Exercise brief:
Repeat the records below exactly from the line containing "From the airport, we" to the line containing "The design in", taking in both of those lines. Drop the pictures.

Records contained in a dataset

-- Opening Marker --

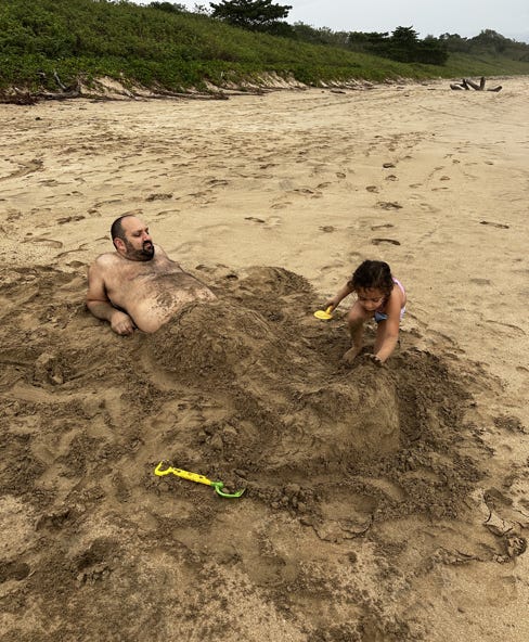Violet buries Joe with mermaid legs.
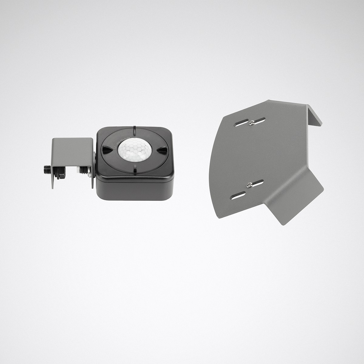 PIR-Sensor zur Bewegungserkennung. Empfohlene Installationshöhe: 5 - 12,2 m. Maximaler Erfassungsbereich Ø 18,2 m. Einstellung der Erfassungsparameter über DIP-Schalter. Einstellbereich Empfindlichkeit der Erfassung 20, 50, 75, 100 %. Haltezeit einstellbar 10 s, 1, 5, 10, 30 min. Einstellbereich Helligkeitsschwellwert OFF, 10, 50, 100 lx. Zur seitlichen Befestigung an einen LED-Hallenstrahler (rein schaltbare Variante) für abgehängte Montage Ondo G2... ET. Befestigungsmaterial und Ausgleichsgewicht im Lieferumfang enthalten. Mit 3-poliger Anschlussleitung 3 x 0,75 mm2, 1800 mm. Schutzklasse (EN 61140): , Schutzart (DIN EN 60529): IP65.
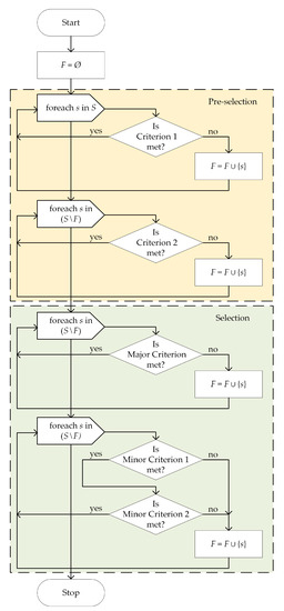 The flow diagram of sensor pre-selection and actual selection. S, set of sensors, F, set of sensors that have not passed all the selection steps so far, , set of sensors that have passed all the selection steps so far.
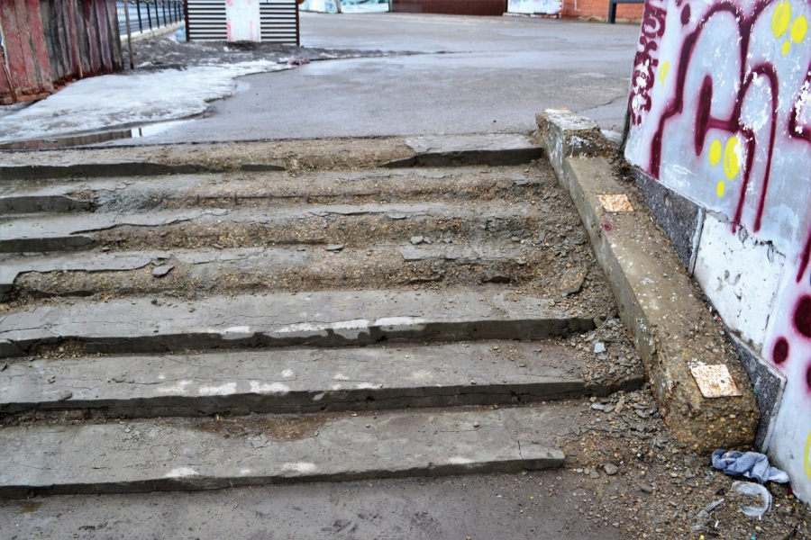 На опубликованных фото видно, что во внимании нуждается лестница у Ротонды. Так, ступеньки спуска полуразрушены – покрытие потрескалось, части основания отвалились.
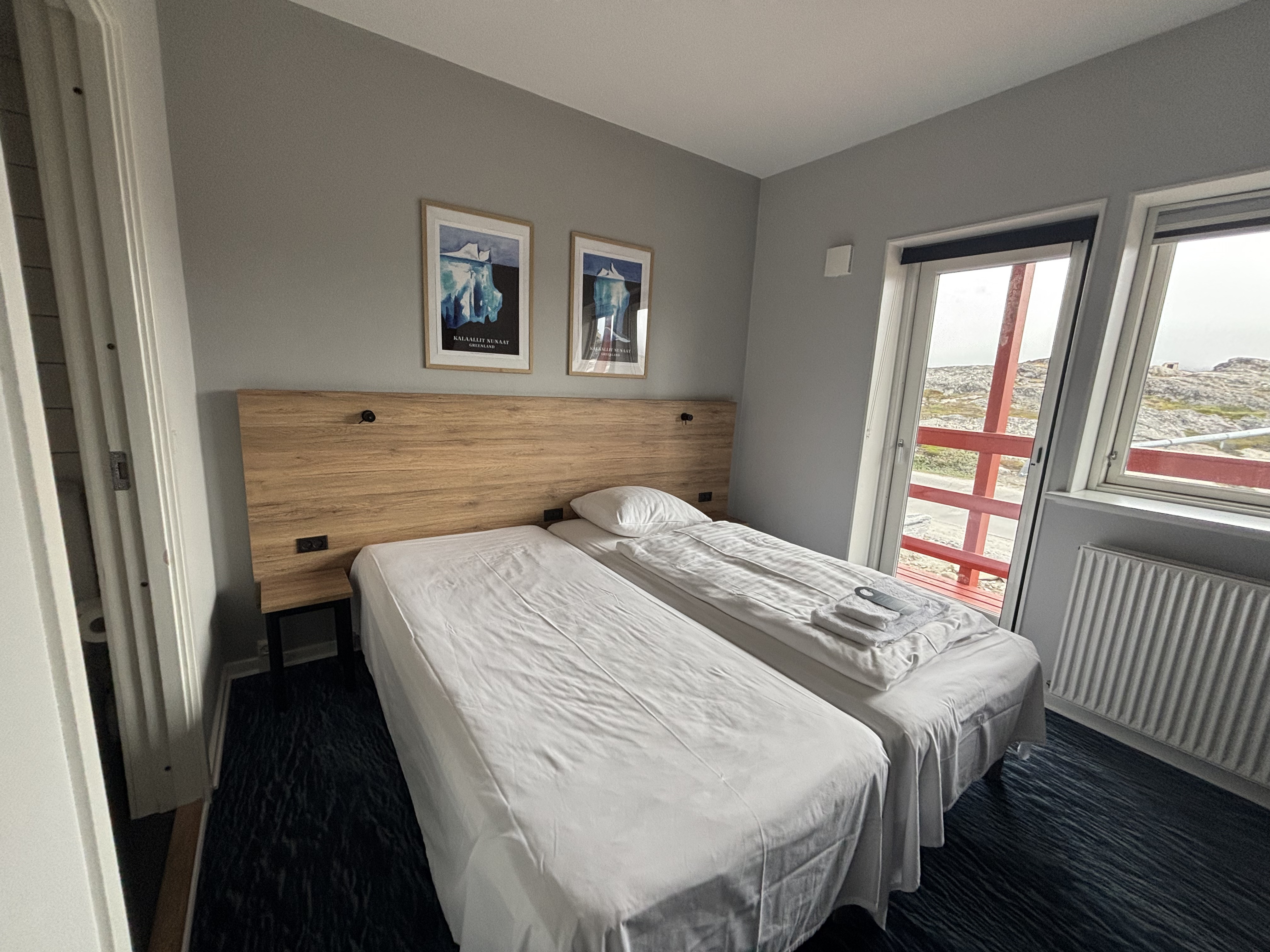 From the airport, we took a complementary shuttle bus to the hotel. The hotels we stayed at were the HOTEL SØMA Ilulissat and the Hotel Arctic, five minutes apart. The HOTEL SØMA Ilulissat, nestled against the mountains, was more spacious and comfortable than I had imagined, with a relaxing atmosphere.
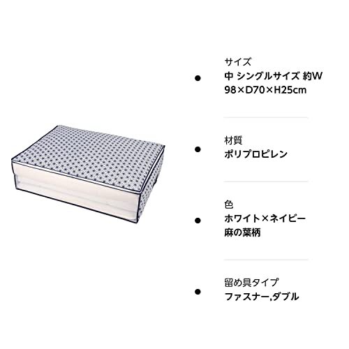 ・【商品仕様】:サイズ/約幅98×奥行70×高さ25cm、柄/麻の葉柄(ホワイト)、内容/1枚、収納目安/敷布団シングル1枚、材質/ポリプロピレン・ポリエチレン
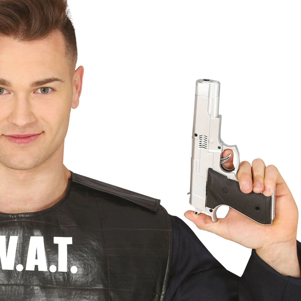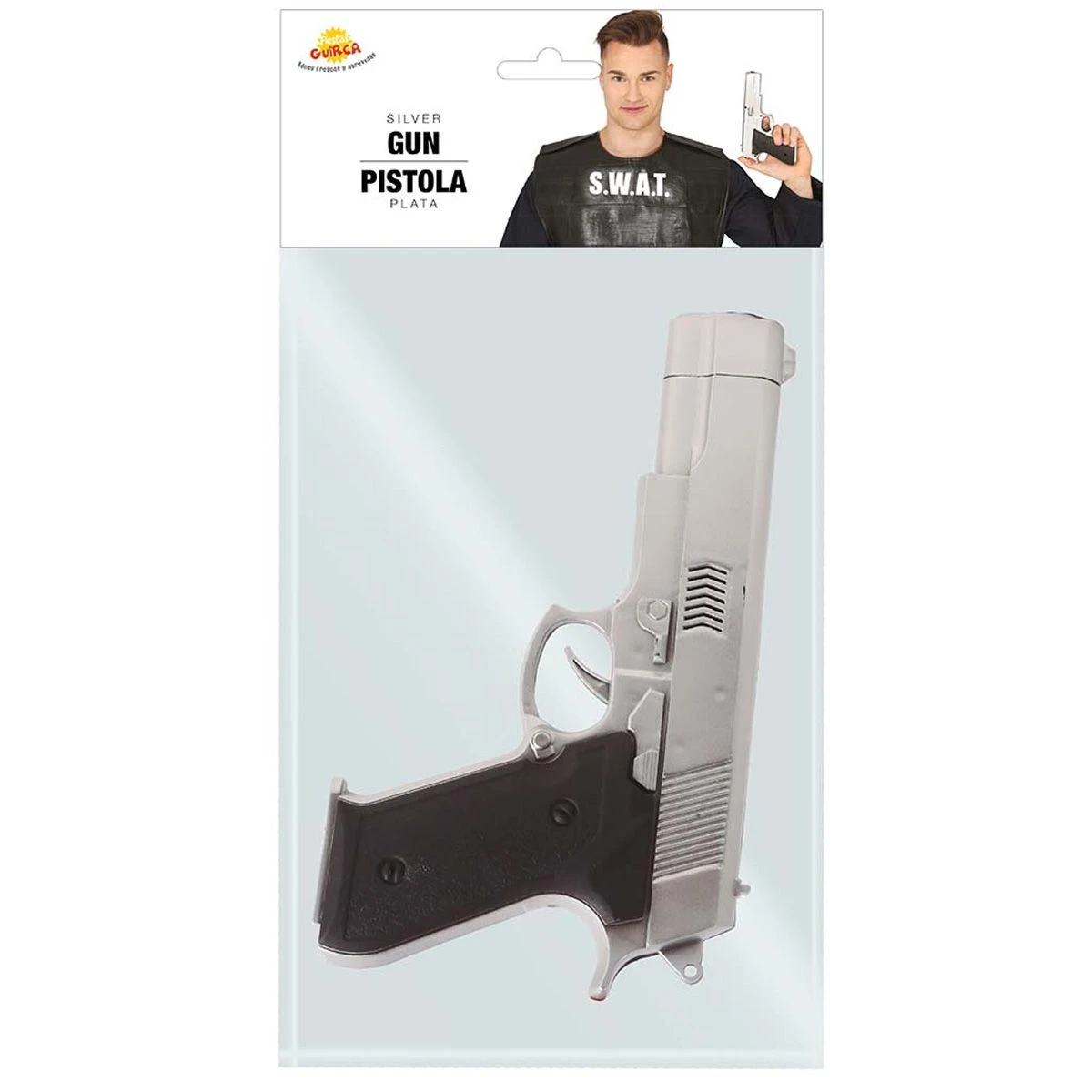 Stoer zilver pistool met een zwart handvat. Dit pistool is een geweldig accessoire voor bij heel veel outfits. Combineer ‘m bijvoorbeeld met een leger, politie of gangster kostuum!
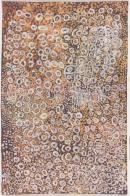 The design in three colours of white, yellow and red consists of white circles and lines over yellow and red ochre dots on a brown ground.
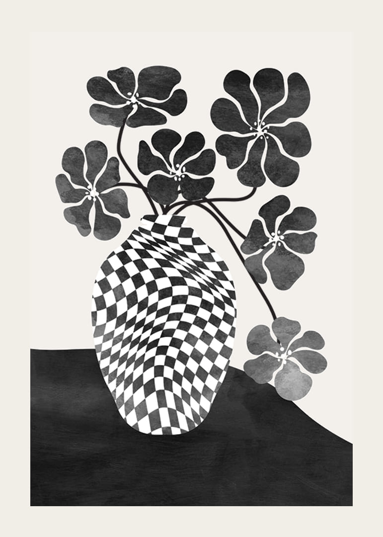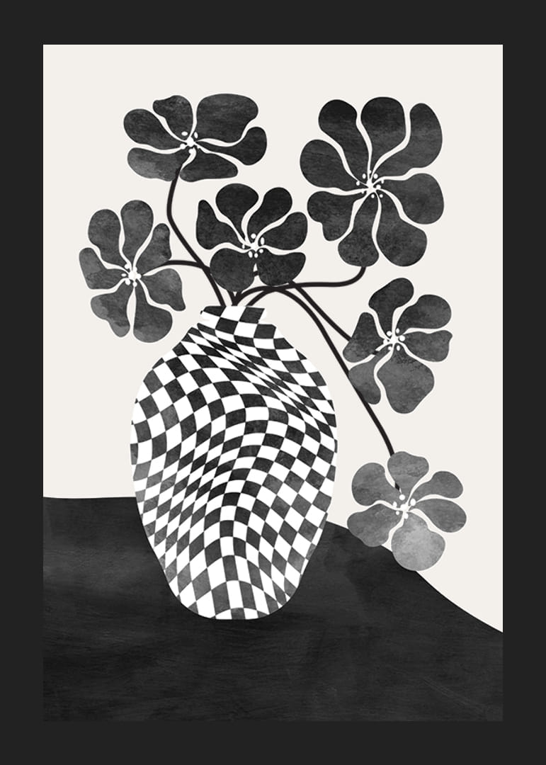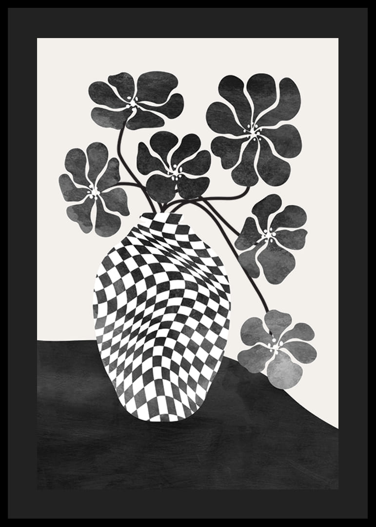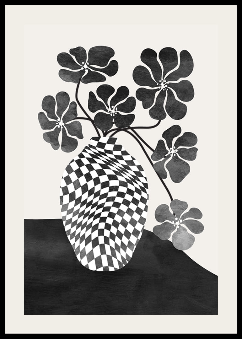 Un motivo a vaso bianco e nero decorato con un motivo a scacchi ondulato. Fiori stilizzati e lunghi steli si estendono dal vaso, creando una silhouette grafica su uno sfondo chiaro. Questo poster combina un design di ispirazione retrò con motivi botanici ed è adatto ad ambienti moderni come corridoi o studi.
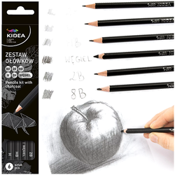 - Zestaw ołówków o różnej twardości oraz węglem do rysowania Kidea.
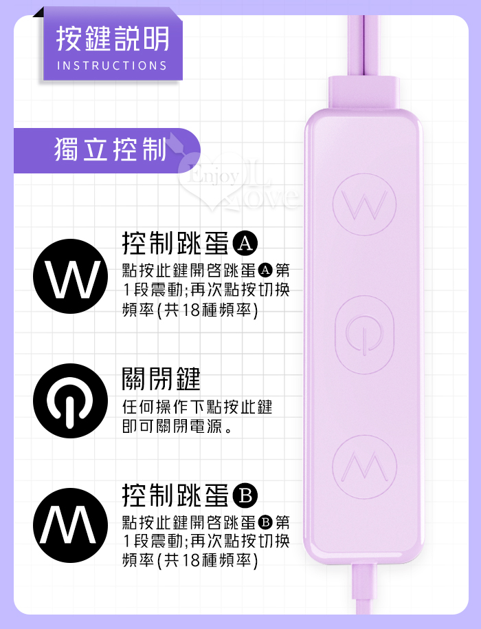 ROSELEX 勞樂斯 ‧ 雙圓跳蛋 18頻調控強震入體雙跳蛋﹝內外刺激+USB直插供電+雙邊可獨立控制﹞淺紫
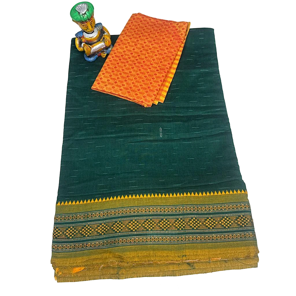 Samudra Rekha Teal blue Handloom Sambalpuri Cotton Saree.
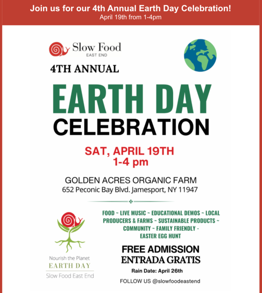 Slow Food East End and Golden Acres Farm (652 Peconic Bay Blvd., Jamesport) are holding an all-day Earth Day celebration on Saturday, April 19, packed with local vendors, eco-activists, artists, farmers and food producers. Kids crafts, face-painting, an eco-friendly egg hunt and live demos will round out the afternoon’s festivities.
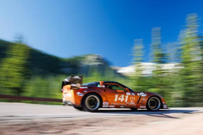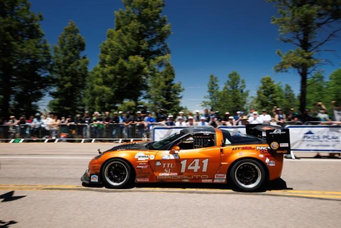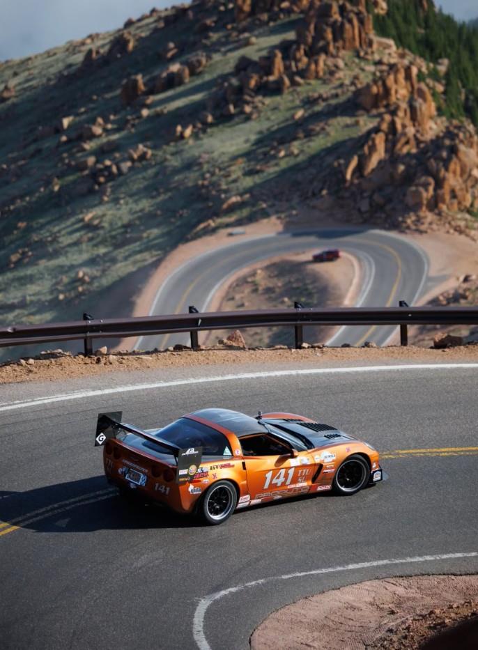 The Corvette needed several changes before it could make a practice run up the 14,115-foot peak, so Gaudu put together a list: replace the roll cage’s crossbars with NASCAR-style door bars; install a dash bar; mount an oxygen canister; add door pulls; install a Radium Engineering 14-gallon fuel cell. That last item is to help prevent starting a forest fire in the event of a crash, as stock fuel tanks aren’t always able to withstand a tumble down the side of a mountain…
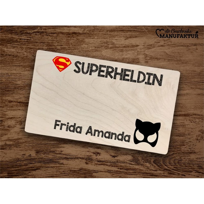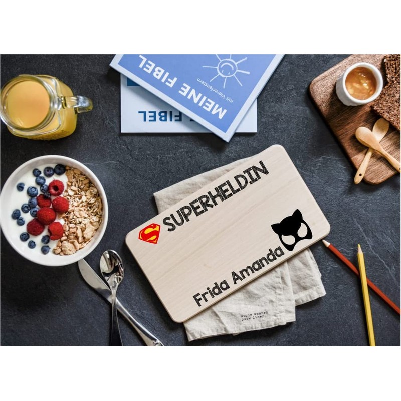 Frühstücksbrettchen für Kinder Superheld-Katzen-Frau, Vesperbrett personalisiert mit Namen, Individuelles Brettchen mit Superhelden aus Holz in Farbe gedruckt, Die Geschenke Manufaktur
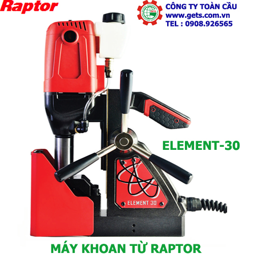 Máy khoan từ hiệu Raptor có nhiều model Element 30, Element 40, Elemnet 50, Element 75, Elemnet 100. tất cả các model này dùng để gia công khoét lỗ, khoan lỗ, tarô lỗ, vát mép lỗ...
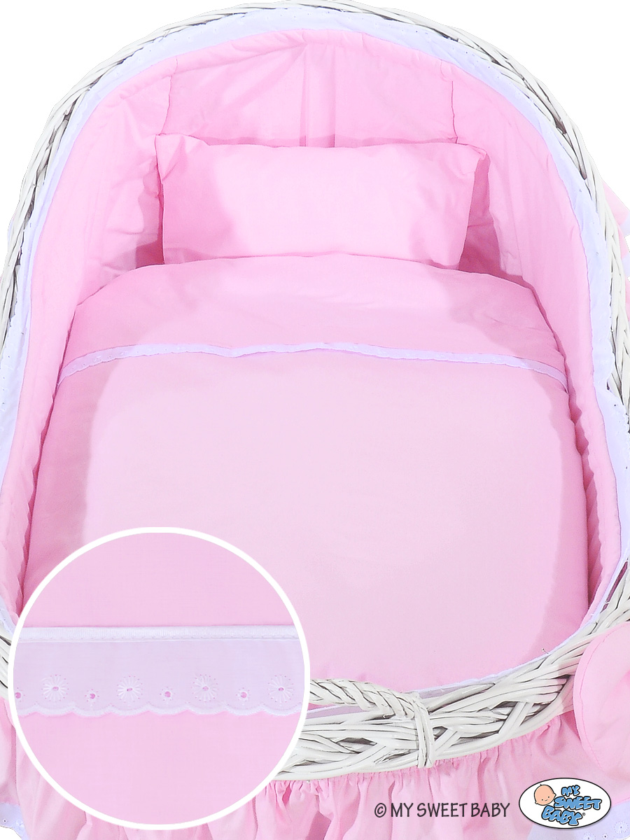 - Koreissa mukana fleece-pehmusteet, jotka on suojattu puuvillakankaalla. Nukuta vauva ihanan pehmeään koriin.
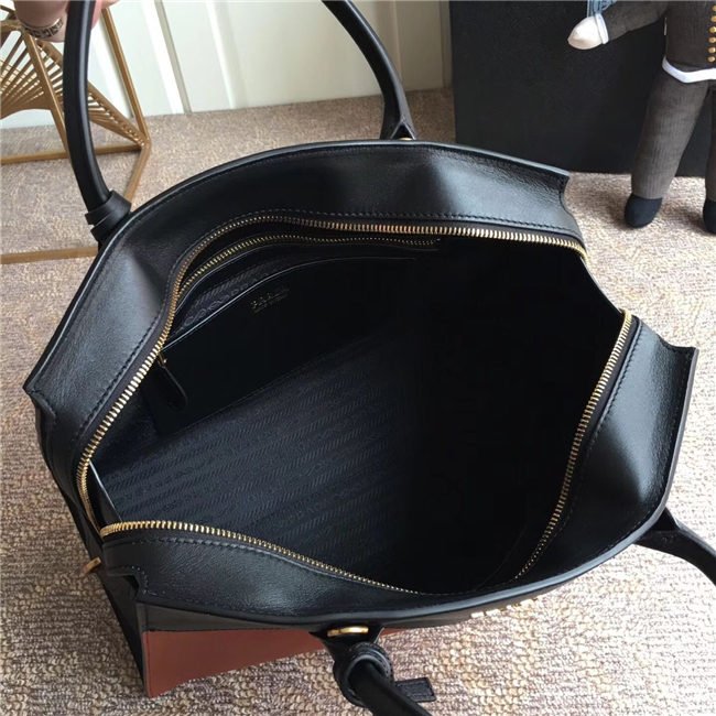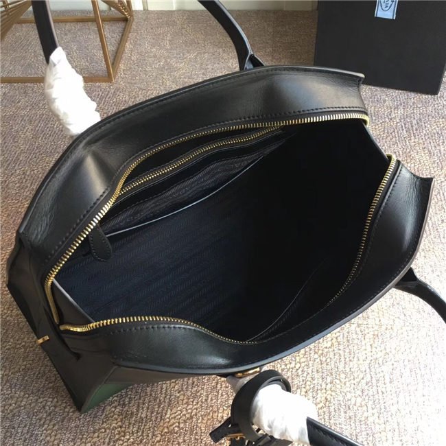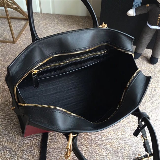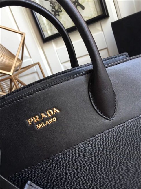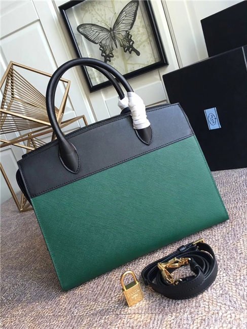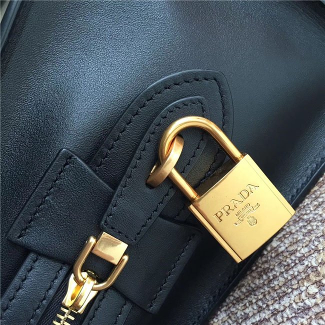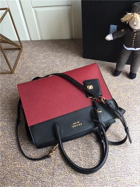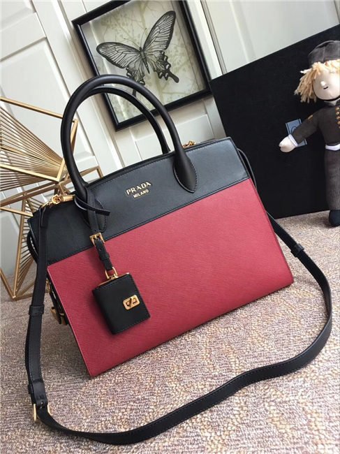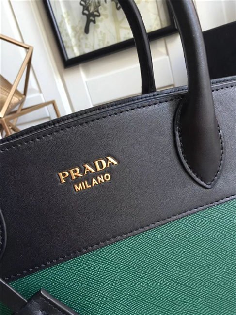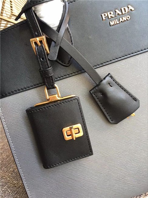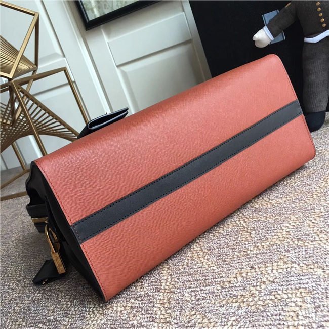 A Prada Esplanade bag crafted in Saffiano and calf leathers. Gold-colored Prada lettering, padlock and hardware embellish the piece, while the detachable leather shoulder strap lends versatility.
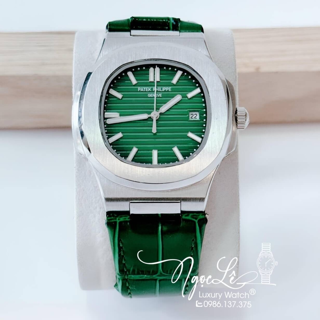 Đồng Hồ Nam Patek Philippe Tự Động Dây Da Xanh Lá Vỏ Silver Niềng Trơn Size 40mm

-- Closing Marker --

Solution for this problem:
 From the airport, we took a complementary shuttle bus to the hotel. The hotels we stayed at were the HOTEL SØMA Ilulissat and the Hotel Arctic, five minutes apart. The HOTEL SØMA Ilulissat, nestled against the mountains, was more spacious and comfortable than I had imagined, with a relaxing atmosphere.
 ・【商品仕様】:サイズ/約幅98×奥行70×高さ25cm、柄/麻の葉柄(ホワイト)、内容/1枚、収納目安/敷布団シングル1枚、材質/ポリプロピレン・ポリエチレン
 Stoer zilver pistool met een zwart handvat. Dit pistool is een geweldig accessoire voor bij heel veel outfits. Combineer ‘m bijvoorbeeld met een leger, politie of gangster kostuum!
 The design in three colours of white, yellow and red consists of white circles and lines over yellow and red ochre dots on a brown ground.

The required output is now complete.